> _DATA FOR THIS TASK_
================
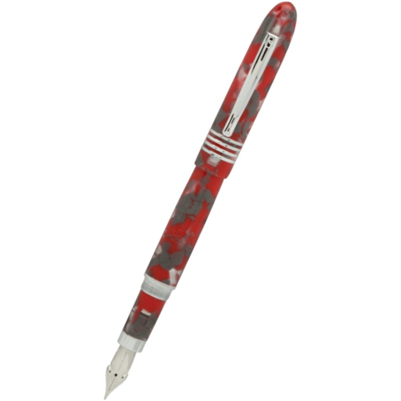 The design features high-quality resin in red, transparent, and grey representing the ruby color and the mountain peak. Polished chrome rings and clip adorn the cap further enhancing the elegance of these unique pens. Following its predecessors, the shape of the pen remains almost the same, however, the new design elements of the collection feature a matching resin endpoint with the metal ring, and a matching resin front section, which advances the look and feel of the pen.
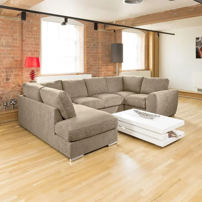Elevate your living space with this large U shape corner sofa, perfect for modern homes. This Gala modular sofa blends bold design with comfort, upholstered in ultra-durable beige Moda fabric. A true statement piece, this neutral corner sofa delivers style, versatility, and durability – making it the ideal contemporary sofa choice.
================
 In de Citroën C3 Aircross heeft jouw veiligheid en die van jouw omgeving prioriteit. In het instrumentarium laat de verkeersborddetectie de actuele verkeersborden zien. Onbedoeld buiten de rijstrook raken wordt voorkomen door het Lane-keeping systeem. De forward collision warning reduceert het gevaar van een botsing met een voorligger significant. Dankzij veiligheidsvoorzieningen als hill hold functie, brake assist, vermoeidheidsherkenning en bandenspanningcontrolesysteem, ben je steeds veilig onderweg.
================
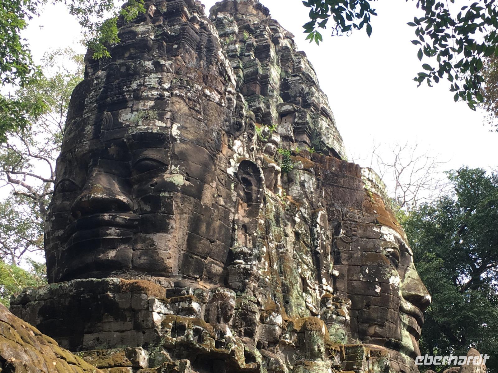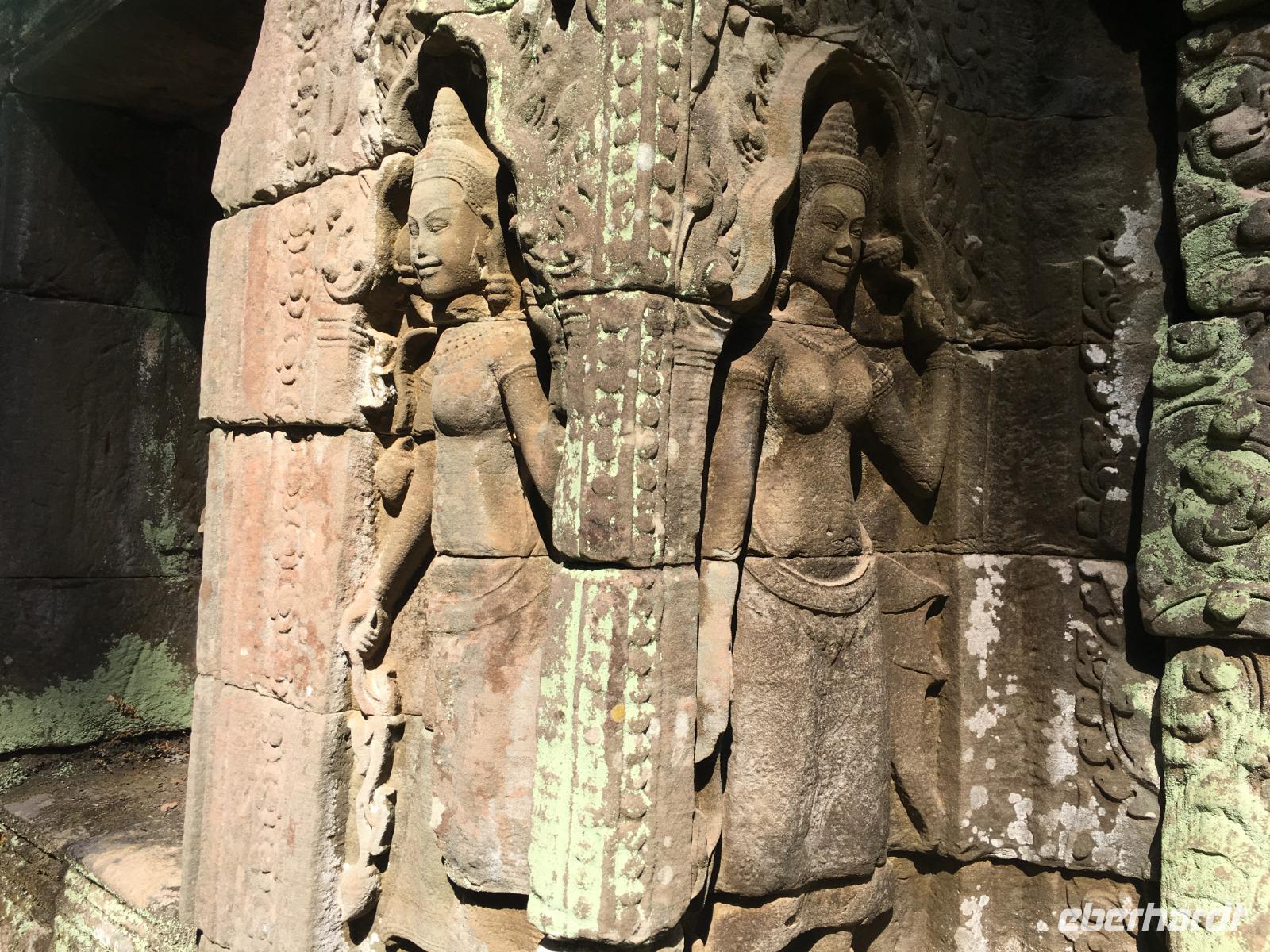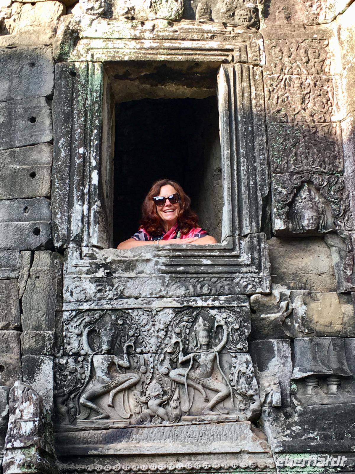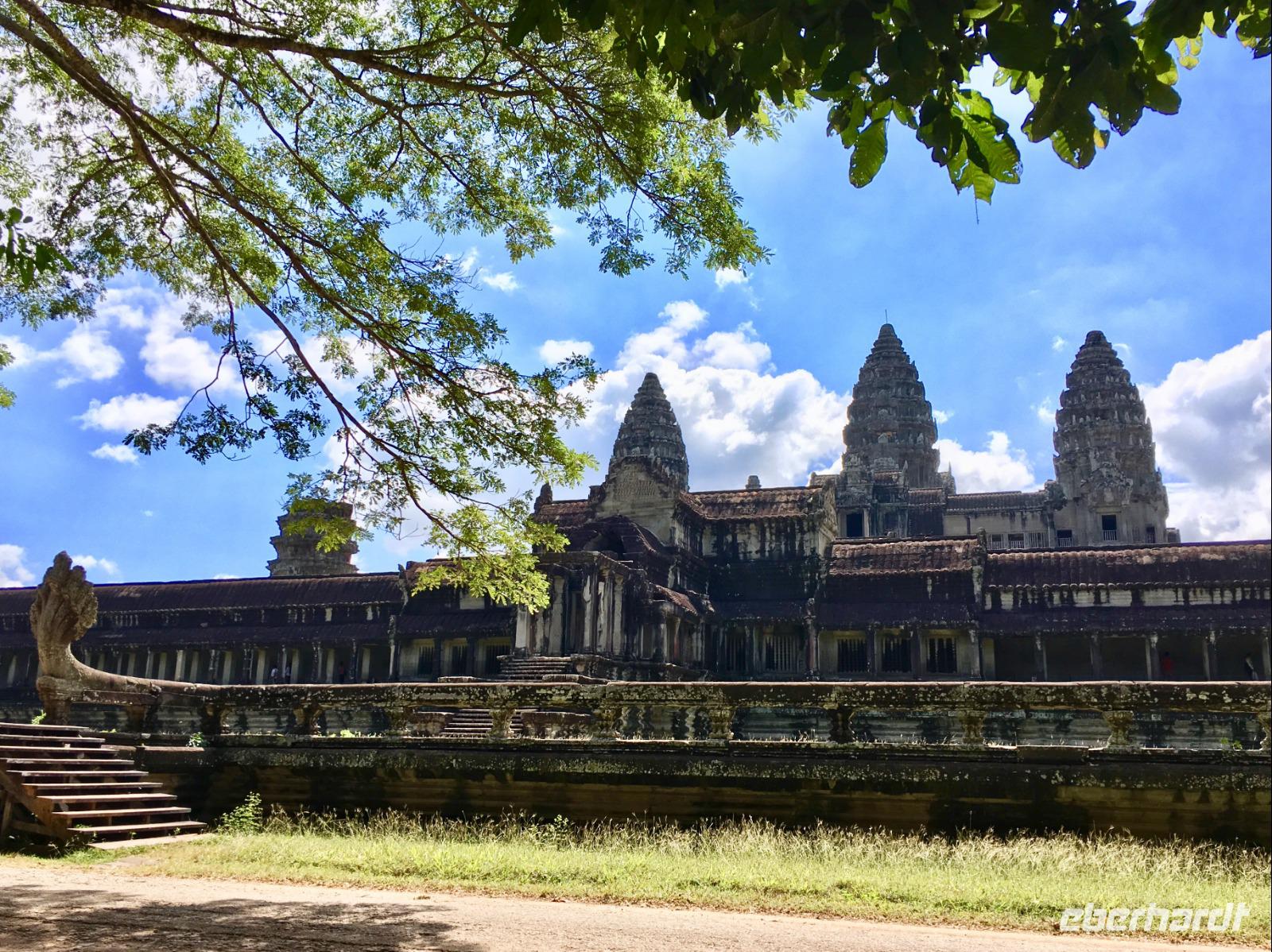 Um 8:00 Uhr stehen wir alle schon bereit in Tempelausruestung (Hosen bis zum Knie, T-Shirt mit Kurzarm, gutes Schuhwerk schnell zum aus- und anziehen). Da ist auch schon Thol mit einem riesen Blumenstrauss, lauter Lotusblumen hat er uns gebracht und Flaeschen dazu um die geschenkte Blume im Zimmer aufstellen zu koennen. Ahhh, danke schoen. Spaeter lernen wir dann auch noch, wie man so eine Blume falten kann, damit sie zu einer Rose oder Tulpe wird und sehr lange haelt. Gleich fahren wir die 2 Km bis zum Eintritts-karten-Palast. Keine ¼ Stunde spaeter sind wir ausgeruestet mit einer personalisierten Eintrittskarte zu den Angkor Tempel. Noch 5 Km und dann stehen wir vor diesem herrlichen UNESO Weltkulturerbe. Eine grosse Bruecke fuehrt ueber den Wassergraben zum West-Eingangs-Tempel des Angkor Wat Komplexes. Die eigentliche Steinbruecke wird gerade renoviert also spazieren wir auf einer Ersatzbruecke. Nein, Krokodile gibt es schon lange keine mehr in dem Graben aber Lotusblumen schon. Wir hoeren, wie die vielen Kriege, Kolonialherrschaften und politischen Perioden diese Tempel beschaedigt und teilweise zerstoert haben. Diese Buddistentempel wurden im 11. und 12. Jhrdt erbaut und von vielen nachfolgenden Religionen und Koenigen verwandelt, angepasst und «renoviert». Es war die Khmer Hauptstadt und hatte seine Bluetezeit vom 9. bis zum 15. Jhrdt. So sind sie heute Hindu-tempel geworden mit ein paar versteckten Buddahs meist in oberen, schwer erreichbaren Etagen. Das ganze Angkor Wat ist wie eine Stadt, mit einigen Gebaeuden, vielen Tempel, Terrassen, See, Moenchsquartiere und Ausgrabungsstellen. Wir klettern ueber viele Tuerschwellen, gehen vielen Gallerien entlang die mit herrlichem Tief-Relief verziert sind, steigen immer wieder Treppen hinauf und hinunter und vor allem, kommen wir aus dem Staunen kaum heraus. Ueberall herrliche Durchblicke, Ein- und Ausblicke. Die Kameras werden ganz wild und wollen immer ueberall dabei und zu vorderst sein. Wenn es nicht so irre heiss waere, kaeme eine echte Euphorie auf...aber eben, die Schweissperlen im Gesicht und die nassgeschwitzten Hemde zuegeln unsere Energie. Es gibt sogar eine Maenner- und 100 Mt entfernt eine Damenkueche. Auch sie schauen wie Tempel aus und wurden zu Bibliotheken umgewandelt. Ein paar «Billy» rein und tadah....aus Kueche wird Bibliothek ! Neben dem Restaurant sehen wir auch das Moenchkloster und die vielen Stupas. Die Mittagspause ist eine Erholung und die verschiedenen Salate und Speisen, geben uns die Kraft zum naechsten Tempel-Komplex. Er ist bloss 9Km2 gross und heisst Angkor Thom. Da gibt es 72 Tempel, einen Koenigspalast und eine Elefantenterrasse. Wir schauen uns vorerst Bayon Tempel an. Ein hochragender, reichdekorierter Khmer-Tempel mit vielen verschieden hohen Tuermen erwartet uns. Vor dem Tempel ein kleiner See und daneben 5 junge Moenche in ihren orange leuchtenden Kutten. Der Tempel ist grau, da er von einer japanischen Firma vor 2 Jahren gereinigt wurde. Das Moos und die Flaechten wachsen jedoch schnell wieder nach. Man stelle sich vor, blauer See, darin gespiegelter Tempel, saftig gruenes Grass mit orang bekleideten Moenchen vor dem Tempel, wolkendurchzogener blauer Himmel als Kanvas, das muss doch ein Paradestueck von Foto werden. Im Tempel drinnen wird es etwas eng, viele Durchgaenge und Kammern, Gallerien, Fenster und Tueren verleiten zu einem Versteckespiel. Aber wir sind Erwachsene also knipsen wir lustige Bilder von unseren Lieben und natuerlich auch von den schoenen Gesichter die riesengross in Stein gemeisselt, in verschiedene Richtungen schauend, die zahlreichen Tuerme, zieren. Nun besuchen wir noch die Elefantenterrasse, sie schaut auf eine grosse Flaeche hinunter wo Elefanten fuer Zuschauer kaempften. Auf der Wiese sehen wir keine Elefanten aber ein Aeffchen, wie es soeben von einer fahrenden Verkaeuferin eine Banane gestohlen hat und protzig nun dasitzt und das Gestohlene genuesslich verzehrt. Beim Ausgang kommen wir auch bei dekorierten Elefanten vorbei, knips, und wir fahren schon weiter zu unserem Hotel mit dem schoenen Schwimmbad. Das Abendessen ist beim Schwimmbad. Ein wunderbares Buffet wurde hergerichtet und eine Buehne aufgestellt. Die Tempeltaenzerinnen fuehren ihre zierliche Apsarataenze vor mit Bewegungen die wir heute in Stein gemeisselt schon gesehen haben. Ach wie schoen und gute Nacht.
================
> _WHAT IS EXPECTED_
Start with the line with "The design features" in the listing above and stop after the line with "Elevate your living". Write out exactly the lines in that stretch and no others, without pictures.

> _COMPLETED TASK_
 The design features high-quality resin in red, transparent, and grey representing the ruby color and the mountain peak. Polished chrome rings and clip adorn the cap further enhancing the elegance of these unique pens. Following its predecessors, the shape of the pen remains almost the same, however, the new design elements of the collection feature a matching resin endpoint with the metal ring, and a matching resin front section, which advances the look and feel of the pen.
Elevate your living space with this large U shape corner sofa, perfect for modern homes. This Gala modular sofa blends bold design with comfort, upholstered in ultra-durable beige Moda fabric. A true statement piece, this neutral corner sofa delivers style, versatility, and durability – making it the ideal contemporary sofa choice.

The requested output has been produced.